* **What you will do**:
Only the pictures are to be dropped, and the rest of the data should be copied exactly.

* **The data**:
╭──

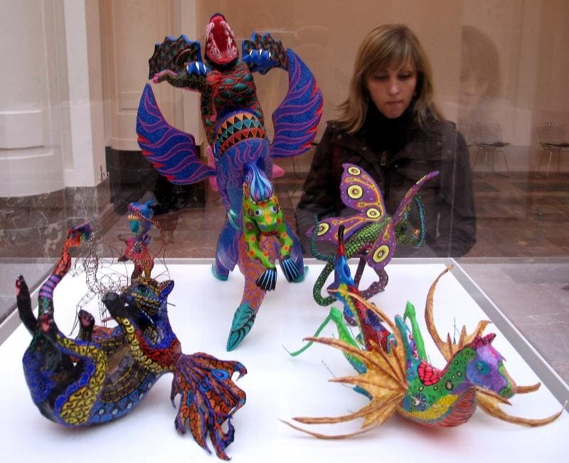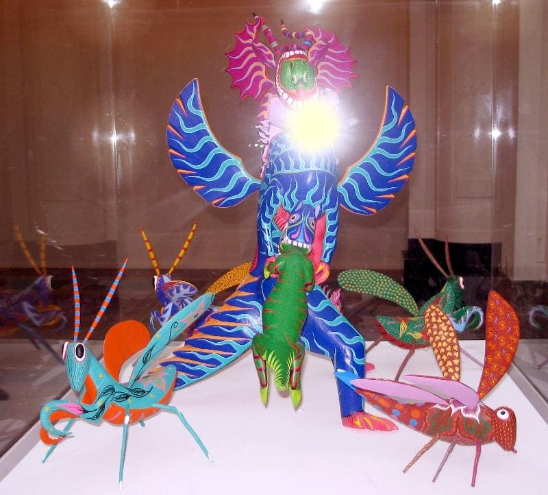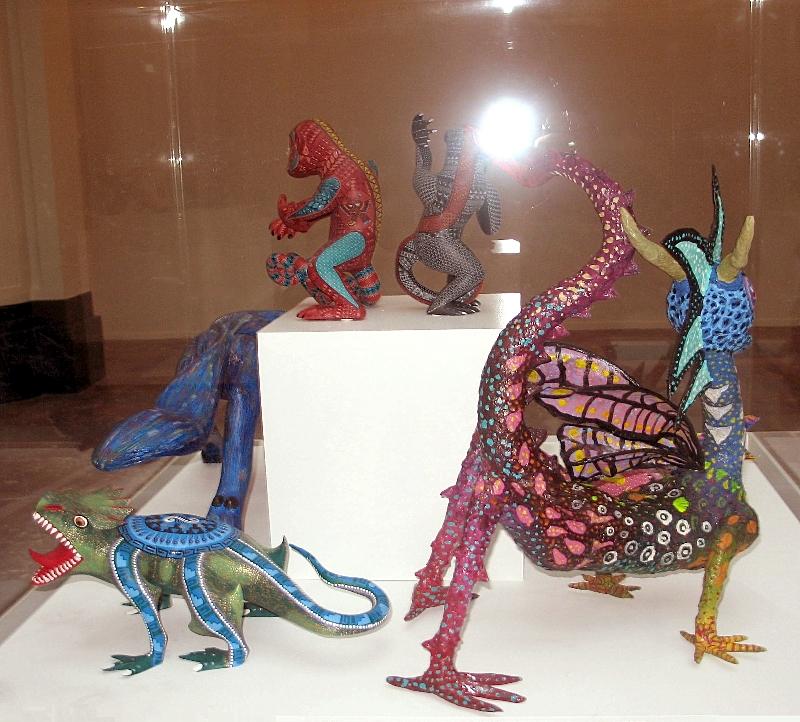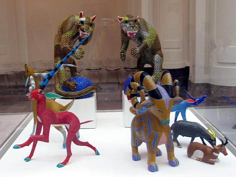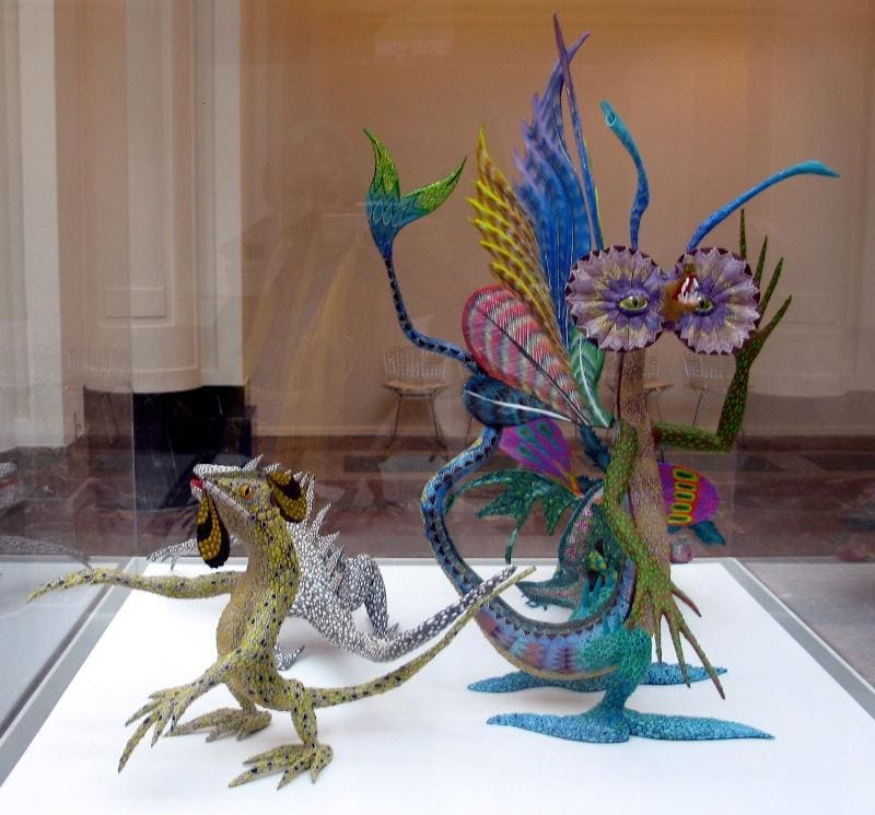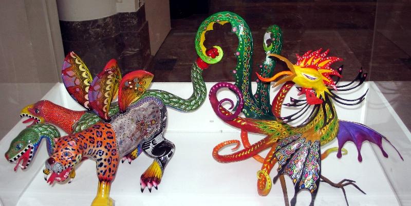 Et de l’autre côté, les Alebrijes, ces étranges animaux colorés en papier mâché et en bois.
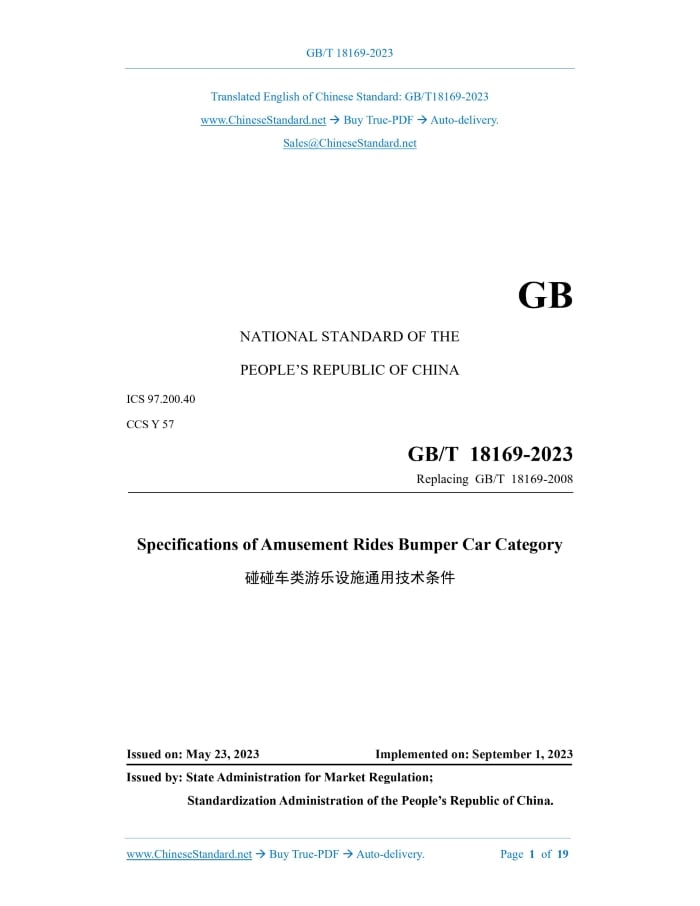 GB/T 18169-2023: Specifications of amusement rides bumper car category Delivery: 9 seconds. True-PDF full-copy in English & invoice will be downloaded + auto-delivered via email. See step-by-step procedure Status: Valid GB/T 18169: Historical versions
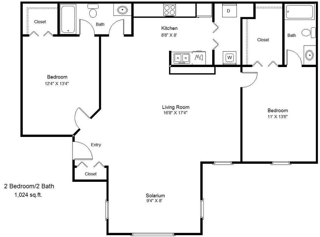 Apartment Model: Two Bedroom2 Bedroom, 2 Bath, 914-1152 sq ftAvailable Now![]()
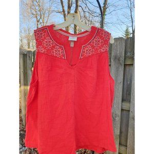 KNOX ROSE Women's Size XXL Top BOHO BLOUSE Shirt w/Embroidered Accents

╰──

* **Exercise answer**:
 Et de l’autre côté, les Alebrijes, ces étranges animaux colorés en papier mâché et en bois.
 GB/T 18169-2023: Specifications of amusement rides bumper car category Delivery: 9 seconds. True-PDF full-copy in English & invoice will be downloaded + auto-delivered via email. See step-by-step procedure Status: Valid GB/T 18169: Historical versions
 Apartment Model: Two Bedroom2 Bedroom, 2 Bath, 914-1152 sq ftAvailable Now![]()
 KNOX ROSE Women's Size XXL Top BOHO BLOUSE Shirt w/Embroidered Accents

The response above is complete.